Mr. Kim lives in 15th-century Naju, South Jeolla Province. As his mother gets older, he wants to serve her while they still have time together. For her 60th birthday he decides to buy her ginseng, an expensive herb that will replenish her energy. But where can he buy ginseng? It is produced in a town called Gaesong in the northern part of the country, far from where Mr. Kim lives. It will take at least a month just to get there. He tries the local market but finds no ginseng there. Depressed, he walks back to his home. On the way, he hears people talking about jangxi, and he finds hope again.

“Jangxi” is a five-day market that brings in products from other regions. The first jangxi was called jang-mun and took place in 15th-century Naju and Muan. The Jeolla area started holding jangxi before other regions. One reason for this was the famine that hit the region, but it was mainly because Jeolla had a rich supply of local products. The first jangxi lasted 15 to 30 days, during which farmers exchanged different commodities produced inside and outside of the province. As time passed, jangxi became a five-day market and extended its influence even to the peripheral countryside areas. By the 18th century, there were more than a thousand jangxi in the nation. Local economies prospered, and merchants had to adopt different strategies to sell their products.

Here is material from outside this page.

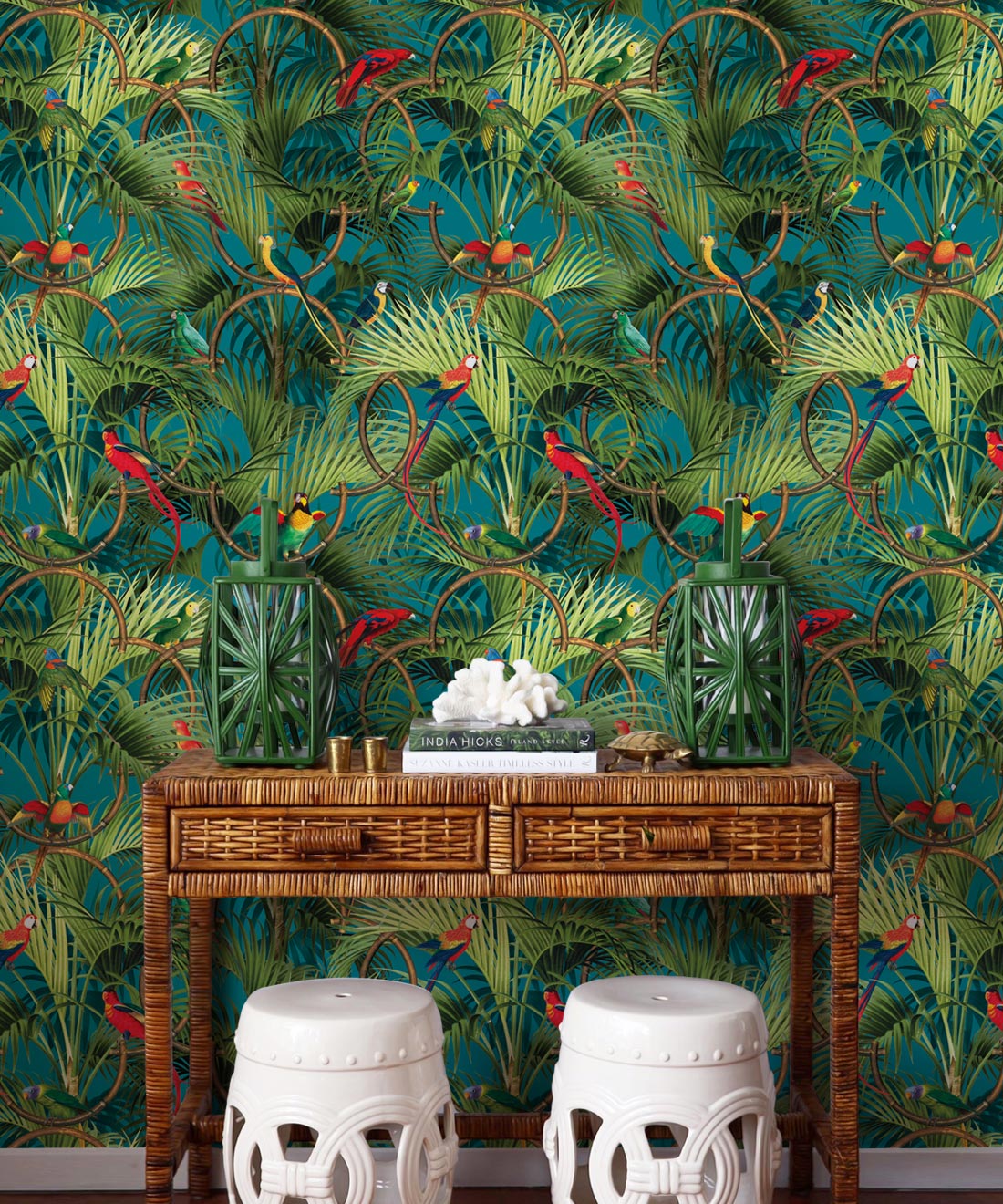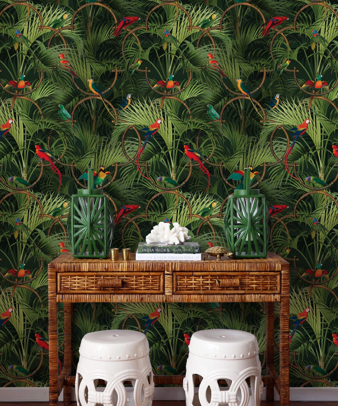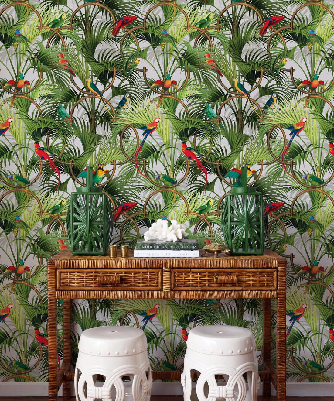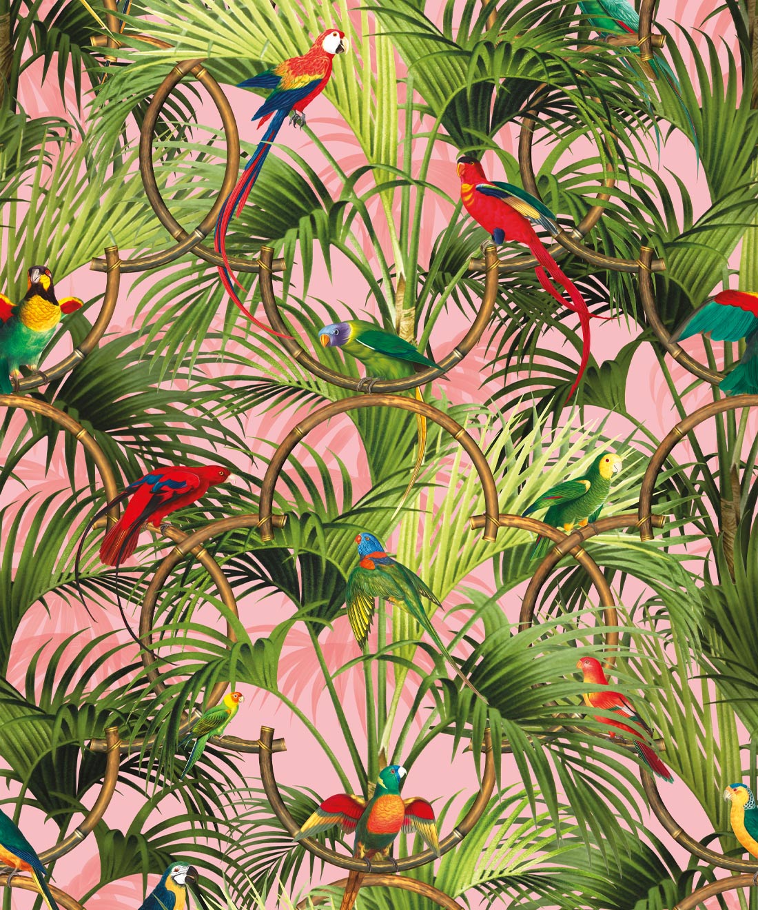 A decadent and exotic ensemble of foliage and exotic birds, the Copacabana Wallpaper brings a touch of lusciousness and tropical flare to any interior. This oasis of flora and fauna draws inspiration from our love of nature and the formation from our very own insignia, a design that represents the balance of refinement and unfiltered nature’s beauty we strive to capture. Add wings to your interior and soar into a world of feathery beauty with the Copacabana tropical parrots wallpaper.

But problems followed the appearance of this new opportunity. With their enormous funds and connections, big merchants monopolized particular products and made it extremely hard for small merchants to compete. Political problems arose as well. Because high market taxes amounted to a lot of money, governmental officers and wealthy politicians engaged in conflicts to take control of this money supply. Some stores also engaged in illegal activities. Some sold alcohol and beef, which was banned at the time, and others dealt in illegal services like gambling and prostitution.

Today jangxi is called jang. The appearance of modern department stores and supermarkets greatly decreased the influence of these sprawling markets, but many Koreans still use jang because they often have fresher, cheaper foods than modern stores. In addition, the local street foods continue to bring in hungry customers.